Ah! @tianon the gha provenance has the right value but the buildkit doesn't. This one populates the buildkit one.

[tianon]

Right, that makes sense, but doesn't help me with this: 😅

They won't necessarily all look that way -- this PR would also need to account for builds that happen on Jenkins, which does have similar environment variables, but as they won't be terribly stable / long-lived URLs in either case, I'd like to understand more about what the actual underlying use case is before I can reasonably opine on what the best solution/value is.

I don't think the URL to the action is a good default (especially now that I have a better understanding of the purpose of builder.id thanks to our discussions around/in #76), and we'll need to either not set this at all on Jenkins or choose a suitable value there too (in this same file/line), which is all together why I'm thinking we might be better off just not setting a builder.id in our BuildKit provenance since the provenance we are going to generate (via #76) has a suitable value that we've put a lot of thought and review into more wholistically than we can do with the BuildKit provenance. 🙇

[mrjoelkamp]

I must have missed that comment. Because this file is shared with Jenkins, it does make more sense now to leave it empty or hardcode it to some string value (e.g. buildkit via $builder) but we wouldn't really be using it for anything that I know of.

Having not spent much time reviewing version v0.2 of the SLSA spec, I did check that it requires the builder.id so it does seem odd/wrong to leave it empty 🤔

Without over thinking or complicating it, setting builder.id = "buildkit" would suffice, thoughts?
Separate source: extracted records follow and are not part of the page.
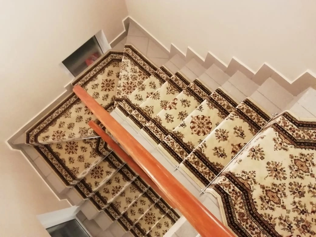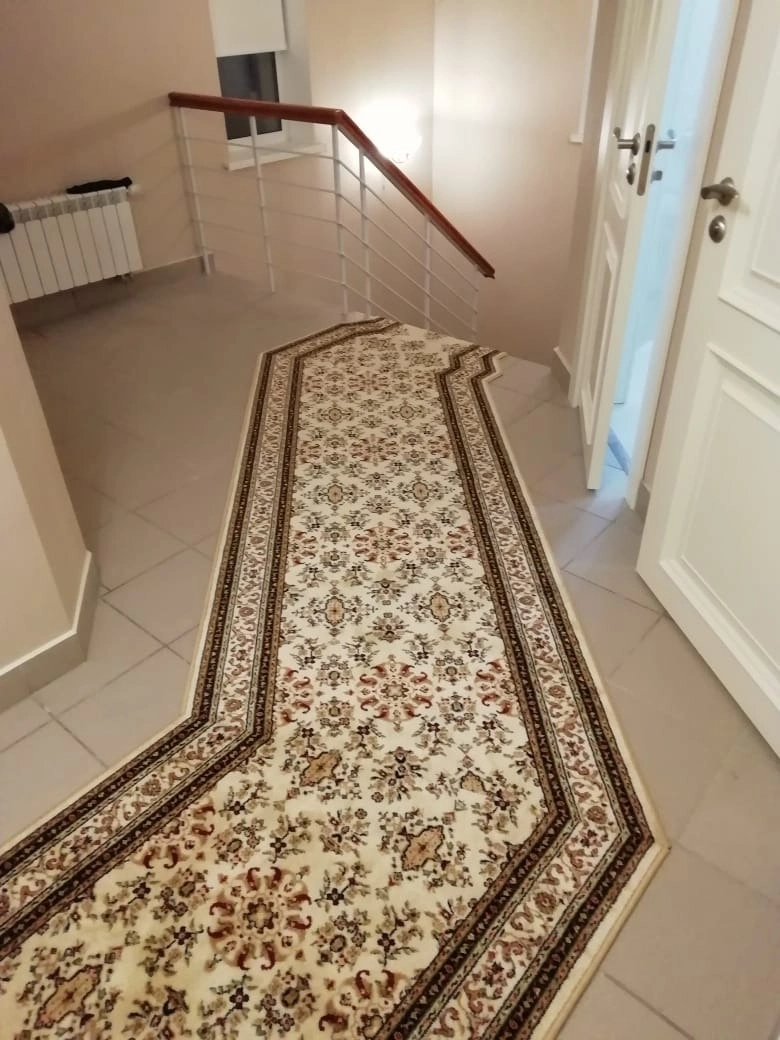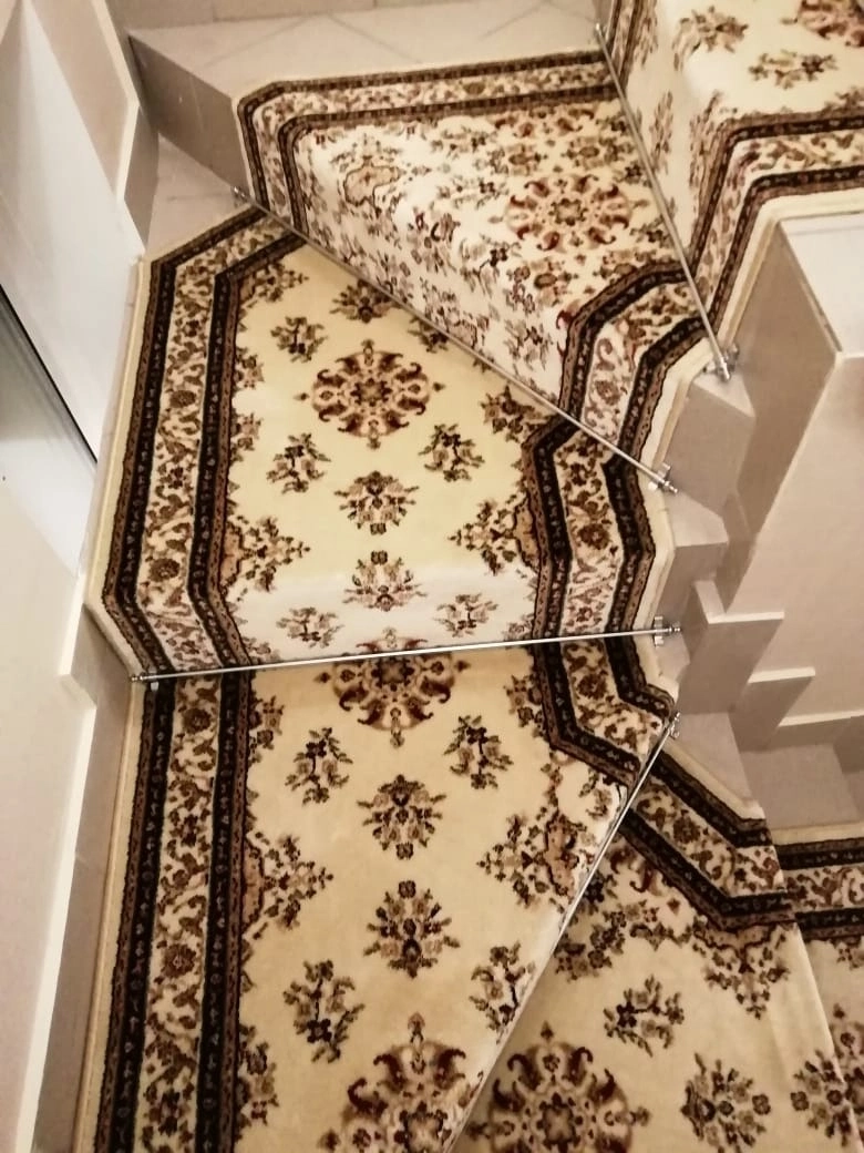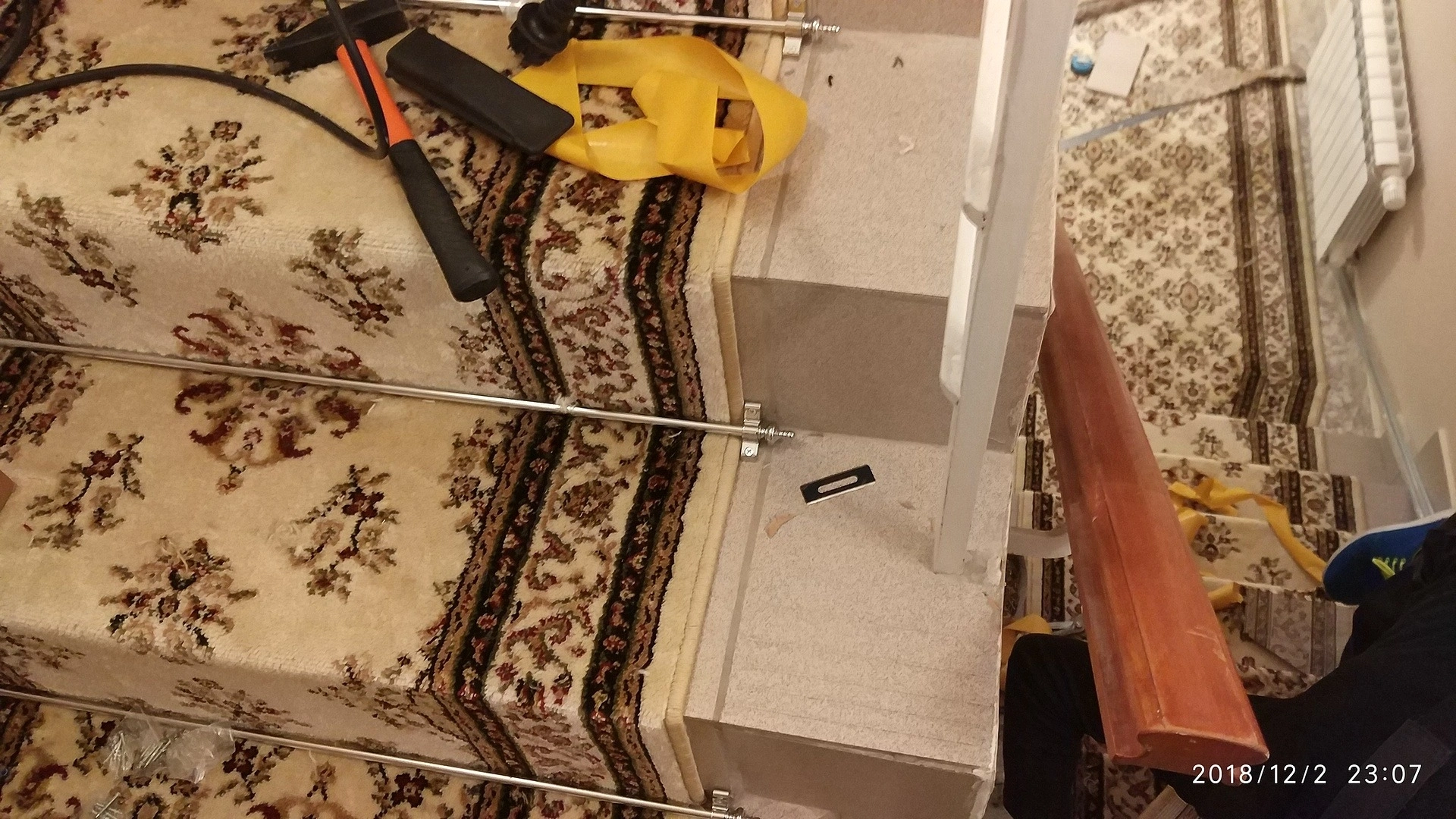 Сделали укладку дорожки на лестницу , сварку швов, установку ковродержателей
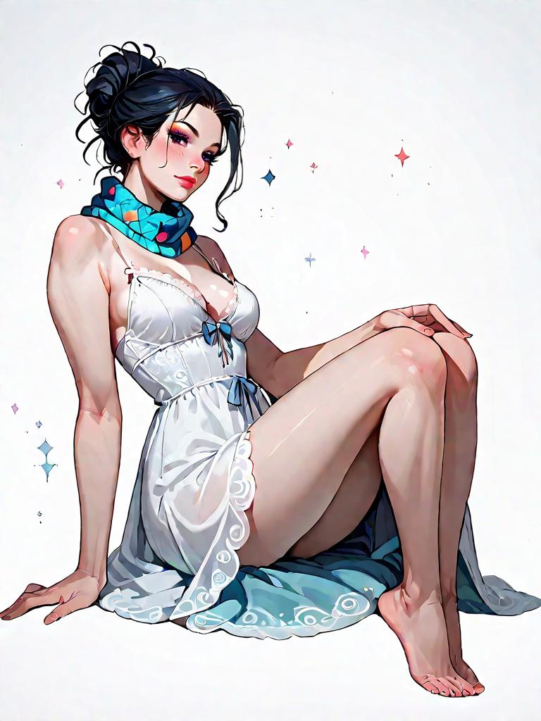 1girl, source_comics, realistic face, full body shot, Woman, modern edgy, strapless vinyl mini dress in glossy black, sweetheart neckline, body-hugging silhouette, thigh-length, accessorized with narrow rectangular sunglasses, hair styled in a top bun, white studio background.
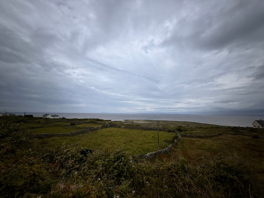 On our second and final day in Galway, we took a ferry out to the Aran Island of Inishmore. This was a definite Irish highlight for me personally. The ferry ride was cold, and while it didn’t really rain, it was damp and drizzly out. When we arrived on the island, we decided to take a bus tour around rather than rent bikes. This way we could all stay together and get the informative guided tour rather than just roaming around on our own.
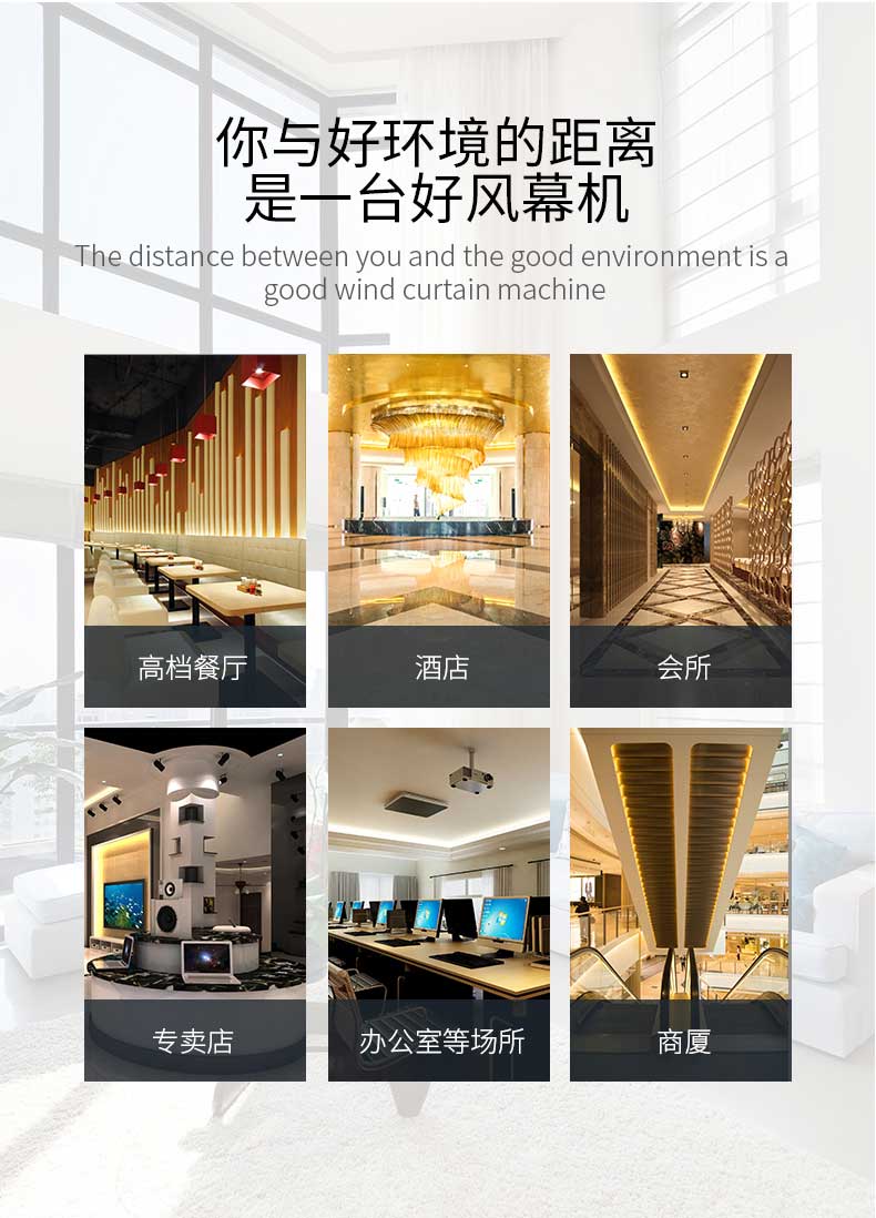 減少室內(nèi)冷氣外流,節(jié)省空調(diào)耗電,適用于需不斷開關(guān)門的餐廳、商店等場所。夏天走進(jìn)各種開設(shè)冷氣的場所,入口處清涼的強(qiáng)風(fēng)讓顧客頓感涼爽愉悅。

It's not much better than leaving it "" but at least it populates a required field 🤷 .

[tianon]

Hmm, I see. I don't think we care too much about this document being "compliant", especially to an officially superseded spec, but setting it to something and not putting too much stock in the particular value is probably fine, yeah. Since it's supposed to be a URI, maybe https://github.com/docker-library or similar? (so it's still vague, but compliant and accurate to "the entity that executed the invocation")
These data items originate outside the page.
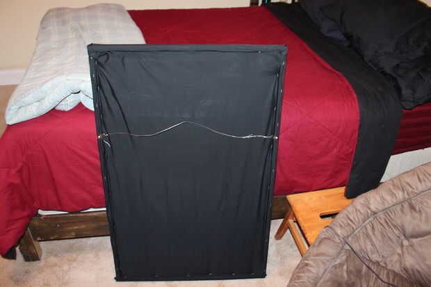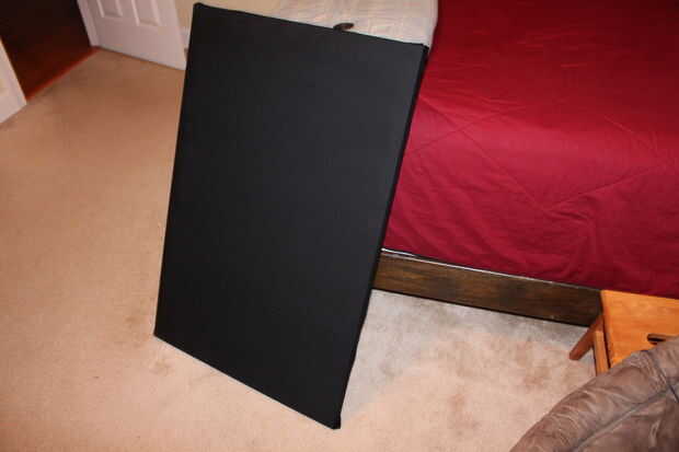 Ahora tienes las grapas a lo largo de la parte interior del marco y la tela debe ser apretada. Añadir un kit de suspensión (utilicé un kit de 30 libras), cuelgue para arriba y disfrutar. Para mí, tenía un colchón de sobra, así cada panel sólo un poco más cuesta $10. Aunque los paneles no funcionan gran acústico en por lo menos son baratos y para mi habitación añadieron algunos mucho contraste para mis paredes.
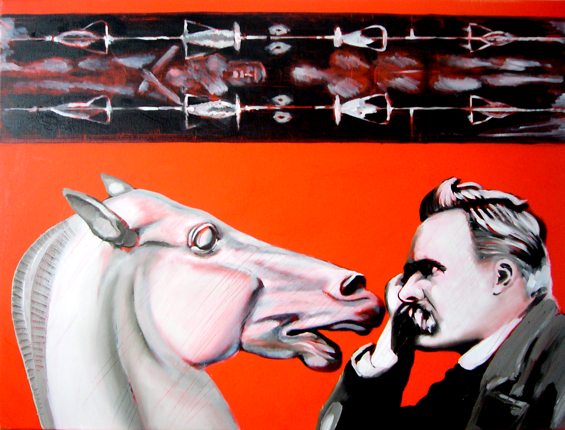Aristoteles, der von Gerpillis geritten wird, und das Schwein – das soziale Tier. Platon, die freie Pythia, die die Stadt kompensiert und das gerupfte Huhn mit den dreieckigen Eiern. Der vor Publikum onanierende Diogenes und der Pawlowsche Hund. Nietzsche, Lou Salome und das Pferd.
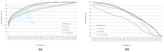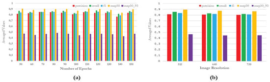 Next, we provide a sensitivity analysis of the investigated approach considering the deployment of YOLOv13-nano with the combination of Crop-HEQ pre-processing techniques and examine its behavior on different epoch variations and different image resolutions, as illustrated in Figure 16 which depicts the Precision, Recall, F1-score, mAP50, and mAP50_95 metrics averaged over the five-folds. In the plots depicted in Figure 16a,b, the y-axis corresponds to the averaged values of these metrics and the x-axis corresponds to the number of epochs (a) and the different image resolutions (b).
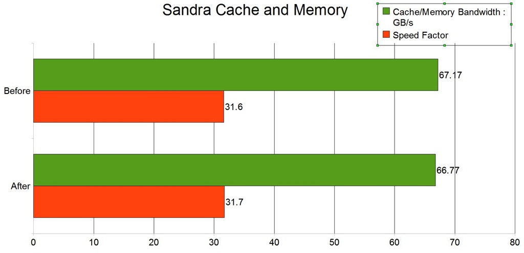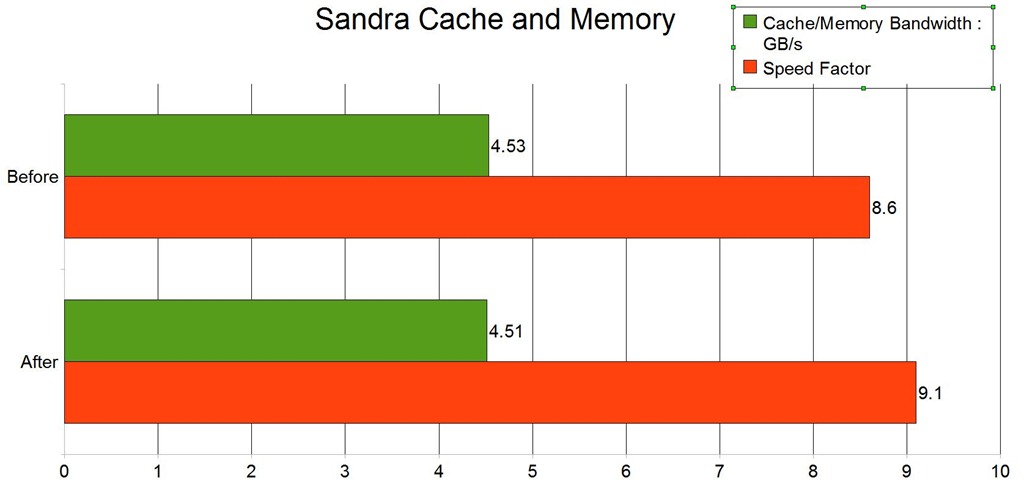 Speed Factor: is a figure representing the speed differential between the CPU’s cache and memory. The value is the ratio of the fastest cache (i.e. L1) bandwidth to the main memory bandwidth. (Lower is better, i.e. the memory is not very much slower than CPU’s cache)
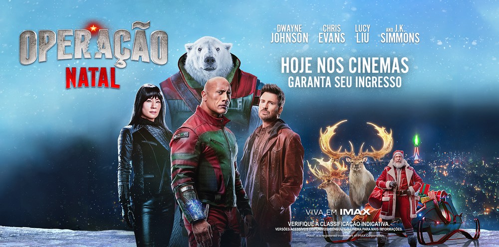 Operação Natal é um longa do diretor Jake Kasdan com os astros Dwayne Johnson, o famoso The Rock, Chris Evans, famoso por sua interpretação como Capitão América nos filmes da franquia Marvel, e Lucy Liu, que tem destaques como Kill Bill e As Panteras em sua filmografia. Depois de um sequestro chocante que abalou o Polo Norte, o Comandante da Força Tarefa (ELF), Callum Drift (Dwayne Johnson), deverá fazer uma parceria com o mais famoso caçador de recompensas do mundo, Jack O’Malley (Chris Evans), para salvar o Natal de diversas crianças e adultos ao redor do mundo. Isso porque a vÃtima do sequestro foi ninguém mais e ninguém menos que o Papai Noel e essa dupla dinâmica não o recuperar a tempo, o Natal estará perdido. Essa comédia de ação e aventura contagiante tem quatro quadrantes e é aberto um universo totalmente novo para explorar dentro desse gênero de férias natalinas.
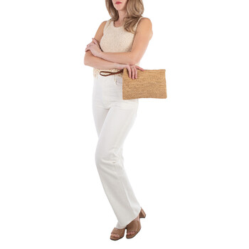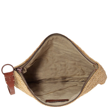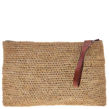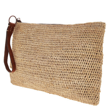 Ibeliv Ladies Clutch. SKU: AMPY-TEA. Barcode: 3760368820753. Color: Beige. Size: 30 cm long x 22 cm high. Ibeliv Ampy Clutch Bag. The AMPY raffia pouch features a zip-top fastening that opens to a spacious main compartment. It comes with a leather strap and is finished with elegant saddle stitching for a refined touch.

We should probably follow up with the Docker Docs team to have something about --provenance=...,builder-id=... added to https://docs.docker.com/build/metadata/attestations/slsa-provenance/ too 😬
(https://docs.docker.com/build/metadata/attestations/slsa-definitions/ talks about the value and what it means, but not how to set it 🙈)

So, if we do that instead of a generic "buildkit" (which isn't a URI 😭), then we need to shift it over to doi.jq (because meta.jq is, and is intended to be, generic):

# https://github.com/docker-library/meta-scripts/pull/61 (for lack of better documentation for setting this in buildkit)
# https://slsa.dev/provenance/v0.2#builder.id
def buildkit_provenance_builder_id:
	"https://github.com/docker-library"
;

and then something like this in meta.jq:

	@sh "--provenance=\([ "mode=max", "builder-id=\(buildkit_provenance_builder_id)" ] | @csv)",

The final raw output of which will be something like --provenance='"mode=max","builder-id=https://github.com/docker-library"' -- appropriate shell quoting and CSV quoting, although it would be totally reasonable (and generate slightly nicer looking final shell syntax) to pull mode=max out of the CSV quoting, something like this:

	@sh "--provenance=mode=max,\([ "builder-id=\(buildkit_provenance_builder_id)" ] | @csv)",

or even go further and just assume our builder-id shouldn't ever contain quotes or a comma, and go all the way to this (with only shell quoting, no CSV quoting):

	@sh "--provenance=mode=max,builder-id=\(buildkit_provenance_builder_id)",

The end result of which would be --provenance=mode=max,builder-id='https://github.com/docker-library' (only shell quoting).

[tianon]

Lol, I just had to hit "comment" to notice https://docs.docker.com/build/metadata/attestations/slsa-definitions/#:~:text=This%20value%20can%20be%20set%20using,attestation%20parameter. (but it's very much a footnote 😅)

This value can be set using the builder-id attestation parameter.

[mrjoelkamp]

Since it's supposed to be a URI, maybe https://github.com/docker-library or similar?

👍 That would be even better! Sounds good to me, and feels more complete than the empty string.